◆ **Aim of the task**:
An unchanged copy of all the lines below is expected, and it should contain no pictures.

───── Data for this exercise

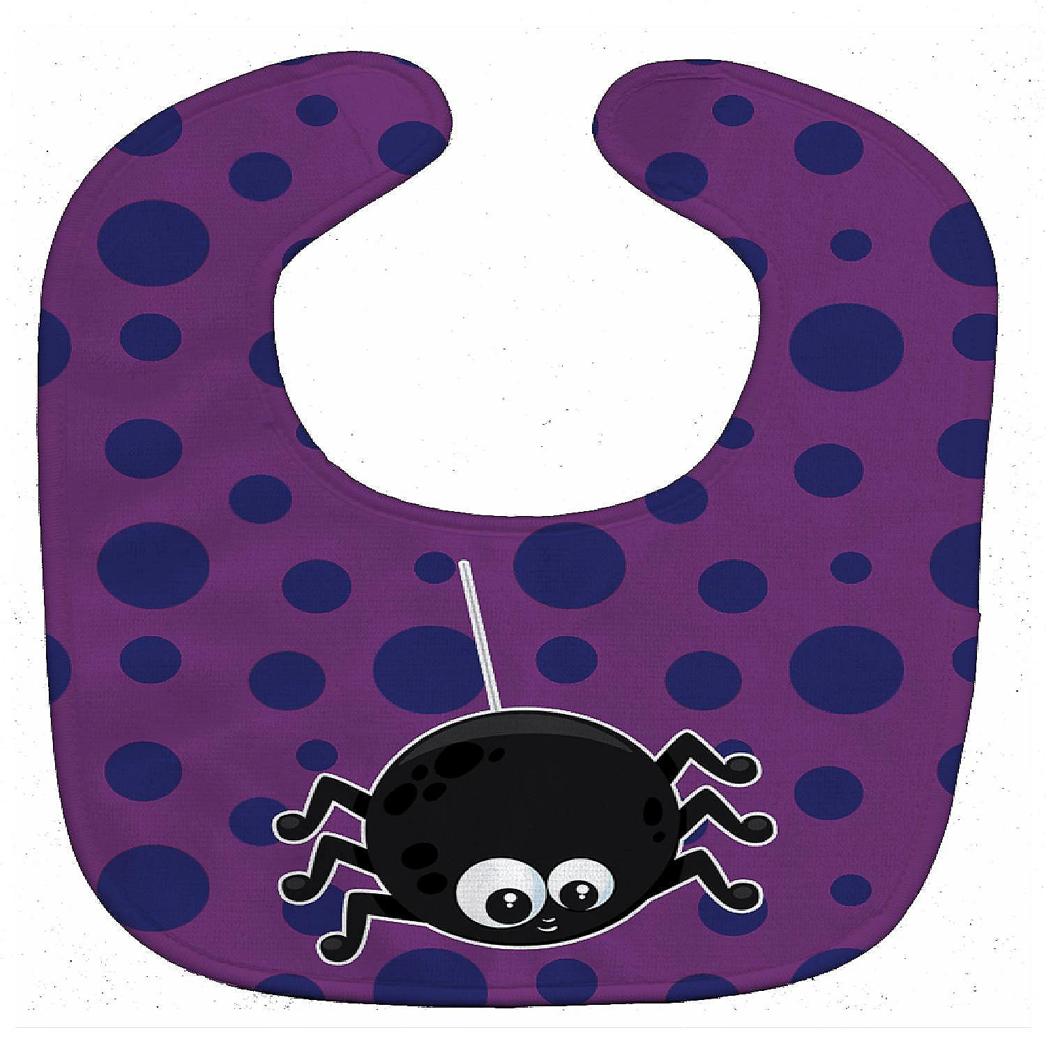 Halloween Spider Baby Bib. Celebrate Halloween with this Halloween Baby Bib. Cute and Functional. Dyed plush fabric baby bib with Velcro closure. Made of ultra-smooth micro-mink polyester that reverses to 100% cotton terry loops. Measures 10 inches x 13 inches, 0.8 oz. per piece. Edges are finished with binding. Machine washable and dry on low heat. Fade resistant and stain resistant. Top fabric gets even softer after the first wash.
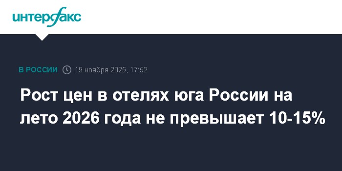 "Рост цен в отелях на южных курортах России на предстоящий летний сезон оказался сдержаннее по сравнению с предыдущим сезоном. Часть объектов сохранила тарифы 2025 года, другие подняли цены лишь на 5-10%, а некоторые, у кого все хорошо с загрузкой, - на 15-20%. Средний рост по большинству направлений составляет 10-15%, констатируют в компаниях Coral Travel и "Мультитур". По данным туроператора "Алеан", большинство отелей Анапы сохранили цены на уровне прошлого года", - говорится в сообщении.
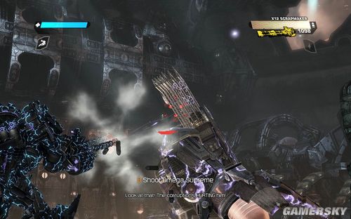 在OMEGA不攻击的时刻,建议去对面的平台更换你的武器。你可以拿到新的电磁能量炮和三管机枪
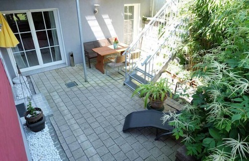 The non-smoking apartment is accessed through a separate entrance that also serves as a balcony. . The apartment has a generous kitchen, a light living and dining room, a bedroom with a double bed (200 x 200cm) and a shower and WC. A radio, TV, Internet access, bed linen and towels are provided. The apartment provides 49m² of space for two people. One further person can be accommodated on a comfortable supplementary bed. A cot can also be provided. There is under-floor heating in all rooms. Wireless and Ethernet Internet access (100Mbit and DSL 16000) are available.
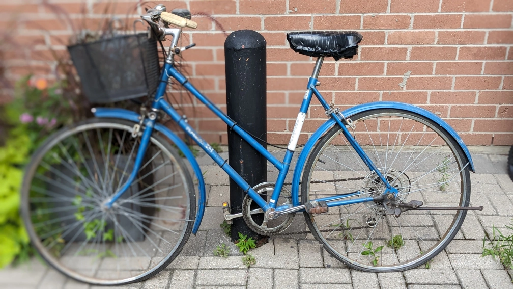 Needs some love, tires are flat, seat is covered in tape. It should be serviceable with just some new tires and/or tubes?
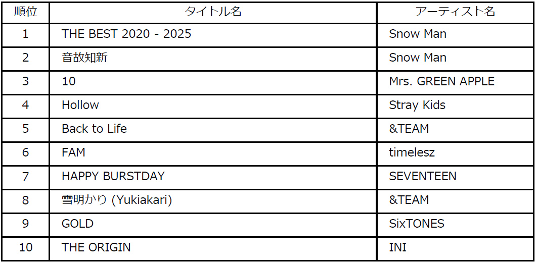 1位タイトル:『THE BEST 2020 - 2025』アーティスト:Snow Man
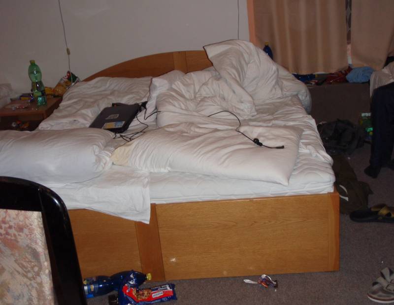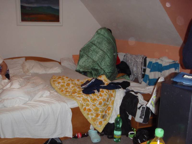 Budíček v 7:30, v 8:00 snídaně. Balení a úklid, někde obojí trochu bolelo.
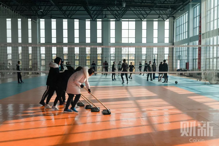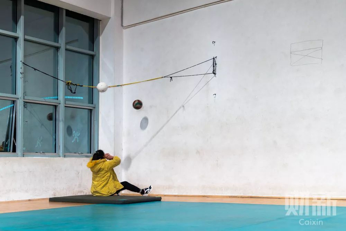 冬日的阳光里,女排姑娘们在训练拦网。除了练排球,目前她们还可以在旁边的教室里学习五年级到九年级的文化课。
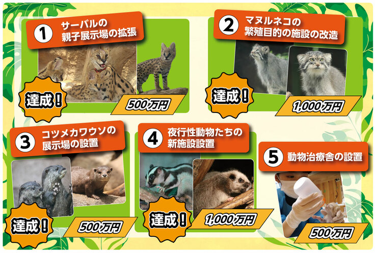 3000万円達成ということで、実現したいことは4つ目の「夜行性動物たちの新施設設置」まで達成しました!
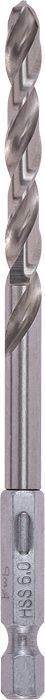 HSS keerdpuurid 1/4" kuusnurkse varrega vastavalt ISO 1173, E 6.3, parempoolse lõikega tüüp N, täppislihvimine, sobib kõigile akutrellidele ja puuridele ning 1/4" kuusnurkse ajamiga otsakute hoidjatele vastavalt ISO 1173, isevärv, otsanurk 135 kraadi, legeeritud ja pehme terase, valuterase, survevalude, sinterterase, värviliste metallide, kõvade plastide jaoks.
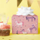 Niedliche, rosa, lila und weiße Pferde werden zu einem Muster gemacht, um die perfekte Geschenkverpackung für Mädchen und Pferdefreunde zu machen.
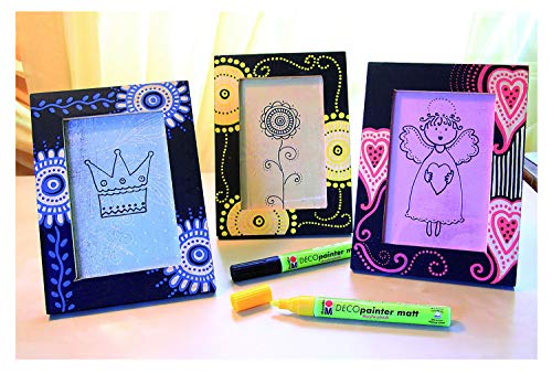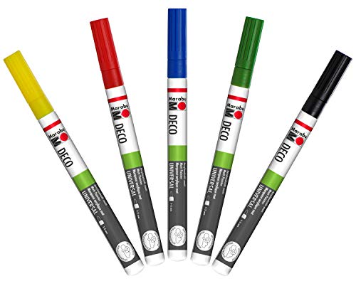 Marabu 0122080 Deco Painter, matite acriliche opache a Base d'Acqua, ad Asciugatura Rapida, Punta Universale con Spessore del Tratto 1-2 mm, 5 Penne in Giallo, Rosso, Blu, Verde e Nero

──────────

◆ **Answer**:
 Halloween Spider Baby Bib. Celebrate Halloween with this Halloween Baby Bib. Cute and Functional. Dyed plush fabric baby bib with Velcro closure. Made of ultra-smooth micro-mink polyester that reverses to 100% cotton terry loops. Measures 10 inches x 13 inches, 0.8 oz. per piece. Edges are finished with binding. Machine washable and dry on low heat. Fade resistant and stain resistant. Top fabric gets even softer after the first wash.
 "Рост цен в отелях на южных курортах России на предстоящий летний сезон оказался сдержаннее по сравнению с предыдущим сезоном. Часть объектов сохранила тарифы 2025 года, другие подняли цены лишь на 5-10%, а некоторые, у кого все хорошо с загрузкой, - на 15-20%. Средний рост по большинству направлений составляет 10-15%, констатируют в компаниях Coral Travel и "Мультитур". По данным туроператора "Алеан", большинство отелей Анапы сохранили цены на уровне прошлого года", - говорится в сообщении.
 在OMEGA不攻击的时刻,建议去对面的平台更换你的武器。你可以拿到新的电磁能量炮和三管机枪
 The non-smoking apartment is accessed through a separate entrance that also serves as a balcony. . The apartment has a generous kitchen, a light living and dining room, a bedroom with a double bed (200 x 200cm) and a shower and WC. A radio, TV, Internet access, bed linen and towels are provided. The apartment provides 49m² of space for two people. One further person can be accommodated on a comfortable supplementary bed. A cot can also be provided. There is under-floor heating in all rooms. Wireless and Ethernet Internet access (100Mbit and DSL 16000) are available.
 Needs some love, tires are flat, seat is covered in tape. It should be serviceable with just some new tires and/or tubes?
 1位タイトル:『THE BEST 2020 - 2025』アーティスト:Snow Man
 Budíček v 7:30, v 8:00 snídaně. Balení a úklid, někde obojí trochu bolelo.
 冬日的阳光里,女排姑娘们在训练拦网。除了练排球,目前她们还可以在旁边的教室里学习五年级到九年级的文化课。
 3000万円達成ということで、実現したいことは4つ目の「夜行性動物たちの新施設設置」まで達成しました!
 HSS keerdpuurid 1/4" kuusnurkse varrega vastavalt ISO 1173, E 6.3, parempoolse lõikega tüüp N, täppislihvimine, sobib kõigile akutrellidele ja puuridele ning 1/4" kuusnurkse ajamiga otsakute hoidjatele vastavalt ISO 1173, isevärv, otsanurk 135 kraadi, legeeritud ja pehme terase, valuterase, survevalude, sinterterase, värviliste metallide, kõvade plastide jaoks.
 Niedliche, rosa, lila und weiße Pferde werden zu einem Muster gemacht, um die perfekte Geschenkverpackung für Mädchen und Pferdefreunde zu machen.
 Marabu 0122080 Deco Painter, matite acriliche opache a Base d'Acqua, ad Asciugatura Rapida, Punta Universale con Spessore del Tratto 1-2 mm, 5 Penne in Giallo, Rosso, Blu, Verde e Nero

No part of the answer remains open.